Through her brother, she was introduced to the radical-experimental theater (Le Groupe Octobre) of Jacques Prévert. Prévert’s popular productions played to working-class audiences, similar to the Agitprop style that Losey was exploring in New York during the same period. Both Prévert and Losey were influenced by Russian theater and communist ideals.

“I used to go to the theater, I’d cry and sob in the back row of the Comédie Française. I always told myself that when I had money, I’d go to the front row.” She did more than that; she made up her mind to join Prévert’s troupe despite having no acting experience. In April 1934, she was interviewed and accepted into Prévert’s talented group.
Initially, she was given small roles and gradually migrated to more production-oriented tasks.
In theater she knew that she had found the freedom that she sought. Working in the exciting and chaotic orbit of Prévert gave her experience and confidence to move forward. After her time with Prévert she played a few parts in films, and worked on many films as a production manager, but her true vocation was to, in the early 1960s, become France’s first Casting Director. It was a position that had originated in American film but migrated to Europe as more American directors came to France to work.
She married Auguste Capelier (1905-1977) during the Second World War while they were both hiding and in the Resistance in southern France, and together they had a child. Auguste Capelier was himself an accomplished French art director. Later in his career he worked for Losey’s French Art Director (Alexandre Trauner). Of course it was helpful to Losey that she had lived through the Nazi occupation and the Jewish roundups in Paris.

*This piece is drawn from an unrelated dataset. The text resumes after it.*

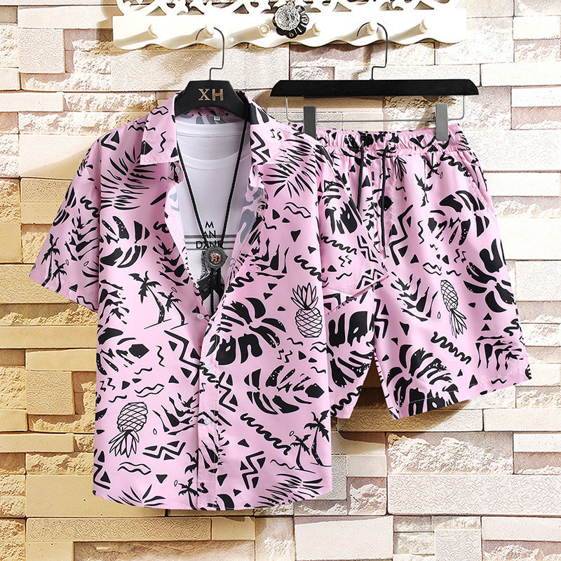 Men's Hawaiian Beach Shirt Suit Printed Loose Color

Capelier’s role in M Klein drew on her personal familiarity with French actors. She used that knowledge to suggest good candidates for each role. The candidate actor or actress would be interviewed jointly with Losey, and after that a decision would be made. In most cases the interviews were primarily in English.

Losey’s questions to actors focused mostly on their interpretation of the screenplay and trying to get a feel for the person. What he was looking for were professionals who would hit the ground running, and be sure-footed, intelligent, and self-confident in playing their role. In presenting each actor Capelier was making a prediction of what their chemistry with Losey might be and whether it would work. She was often right in her assessments, which of course made the casting process much easier.
One of the secrets behind the strength of Capelier’s position in French cinema stemmed from her early passion for following actors through her love of their craft. She continued to live within the theaters of Paris, watching actors develop and encouraging their careers.
She encouraged many but also provided brutally honest feedback if she thought an actor was on the wrong path. Ironically, she brought together her father’s business acumen with a sensitivity to people she gained from her childhood traumas.
Notes:
Bacharach, Corinne. Margot Capelier, Reine Du Casting (1910-2007): De Jacques Prévert à Patrice Chéreau. Arles : Lyon: Actes Sud ; Institut Lumière, 2022.
Hamsy, Cécile. Mémoires Du Siècle – Margot Capelier, Directrice de Casting, 1990.
Berthomé, Jean-Pierre. “Margot Capelier 1911-2007,” Paris, France: Positif Editions, 2007.